OK, now I think you might be the one who’s confused. :slight_smile: Torres had never been a Starfleet officer, and Paris was not a member of the Maquis at the time the series started. While he had briefly (like, for a few days) worked for them, he had already rejoined Starfleet before Voyager was cast into the Delta Quadrant, albeit as a uniformed but unranked adjunct. So the field commissions he received were internal promotions rather than Janeway commissioning a civilian from outside the ranks.

It does help that in the TNG universe they do not have to worry about justifying payroll.

And if a real-world ship were to somehow find itself in a situation comparable to Voyager (cut off from their home and command structure for many, many years, in a desperate fight for survival), they probably would do things like that, even if it wasn’t actually “by the book”, because when you’re in an out-of-the-book situation, you respond with out-of-the-book actions.

The Surgeon General, upon appointment, is automatically granted the rank of Vice Admiral (O-9).

Does that meet the specifications of the OP?

No, but she went to the Academy, dropping out at age 19 only after being suspended for her temper. She was apparently actually doing well in most of her classes, and thought to have a lot of potential—which she later realized as part of the Maquis.

I’m also not sure I would consider what Paris got to be an internal promotion. He was working with Starfleet outside the ranking system. If it was an internal promotion, then it wouldn’t make sense why Janeway said she couldn’t promote Ensign Kim.

Amend that to “It doesn’t make sense why Janeway couldn’t promote Ensign Kim”. Unconditionally. Even under normal, real-world rules, she could do that.

Voyager stuff aside, my point is that pretty much all of them were former Starfleet in some capacity, and therefore familiar with the ways that things were done, especially Chakotay and Paris, who had both been full-fledged officers beforehand.

That’s a bit different than say… dragging someone totally unfamiliar with the military in and putting rank pips on their collar.

Is the public Health Service supposed to be military, though? This should be Department of Health stuff.

In the United States, there are two Uniformed Services that are not part of the Armed Forces: The NOAA Commisioned Corps and the Public Health Service Commissioned Corps. (In contrast, the uniformed Armed Forces are the Army, the Marine Corps, the Navy, the Coast Guard, the Air Force, and the Space Force.)

The unarmed Uniformed services’ rationale goes back to the predecessor of the NOAA Commissioned Corp working alongside the Union military during the U.S. Civil War. (Doing battlefield and coastal surveys.) Their presence in the field without the legal protection of uniform and formal command meant they could be executed as spies if captured by the Confederates.
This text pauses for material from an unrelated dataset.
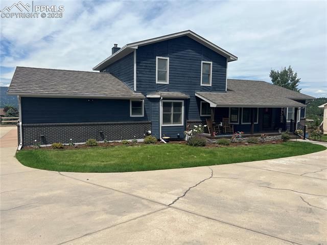 SEE YOURSELF HERE, in this beautifully updated 4/4/3 retreat, where charm, comfort, and breathtaking views come together effortlessly. This inviting home captures the essence of a cozy cottage while living much larger than expected. From the moment you arrive, the long circular drive and welcoming front porch set the tone for relaxed Colorado living. Inside, you’ll find a fully updated interior that blends warmth and style, opening into generous living areas that flow seamlessly to the outdoors. With hickory flooring throughout, new kitchen cabinets and beautiful granite surfaces, a woodburning fireplace and custom ironwork railings, the main floor's two bedrooms, bathrooms and flex office space, laundry and garage access could be all you need for comfort and ease of living. But there’s more… a private sanctuary awaits in the upper-level owner’s suite, complete with 2 large closets, two-sided vanity, large shower and tub and a balcony for morning coffee or sunset views. The walk-out basement is designed for entertaining, featuring a large gathering space complete with a projector — perfect for hosting movie nights or game days with friends and family. This level also provides a bar, full bath, storage space and easy access to the outdoors. Surrounded by mature trees and picturesque wildflower meadows, the property offers a sense of privacy and tranquility, yet remains incredibly convenient to I-25 and the growing amenities, dining, and shopping of Monument. The expansive composite back deck is ideal for hosting gatherings or simply soaking in the sweeping, unobstructed views of the entire Front Range. Perfectly positioned across from the iconic Palmer Lake Christmas Star, this home offers not just a place to live, but a setting to truly experience Colorado’s beauty year-round. Whether you’re looking for a peaceful escape, a place to entertain, or a home that blends charm with modern updates, this home delivers it all. Make it yours today.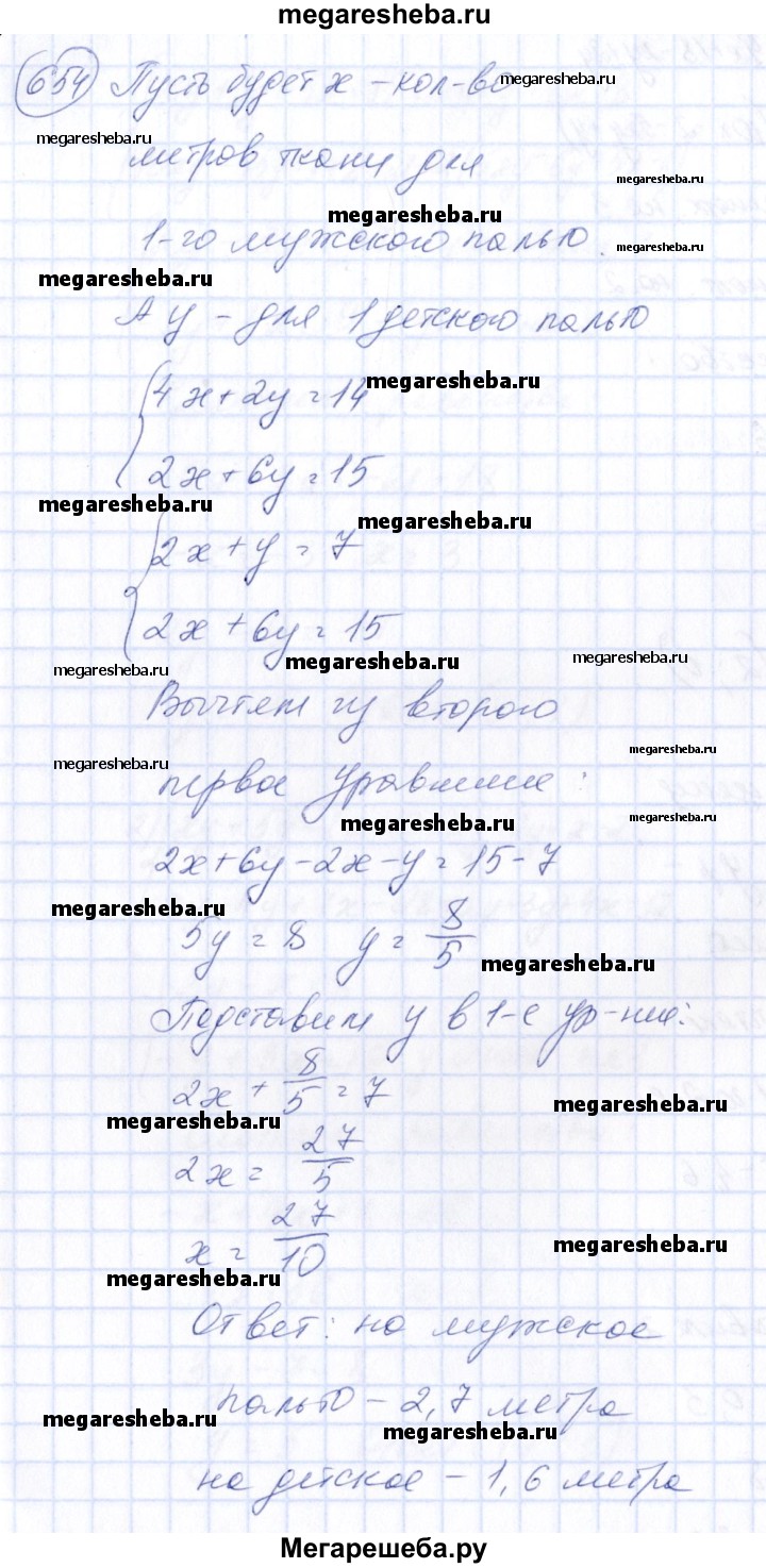 Подробный решебник (ГДЗ) по Алгебре за 7 (седьмой) класс - готовый ответ номер - 654. Авторы учебника: Алимов, Колягин, Сидоров. Издательство: Просвещение 2015.

So they gained uniformed status that has stayed since. The Public Health Service added a uniformed corps a couple decades later, apparently because a military-style public health and mobile hospital system needed military discipline and structure.

Are they military? The have formal military discipline and organization. They are unarmed, but their chains of command can be directly attached to military command structured so that they receive binding orders from Armed Forces commanders. The only distinction from the Armed Forces is that they’re unarmed.

Yes, they’re military.

That’s what I’m trying to say as well; if we can come up with any examples in the US military of something similar, they’re going to be some unconventional situation - the retreat in the Phillipines in 1942, or something along those lines.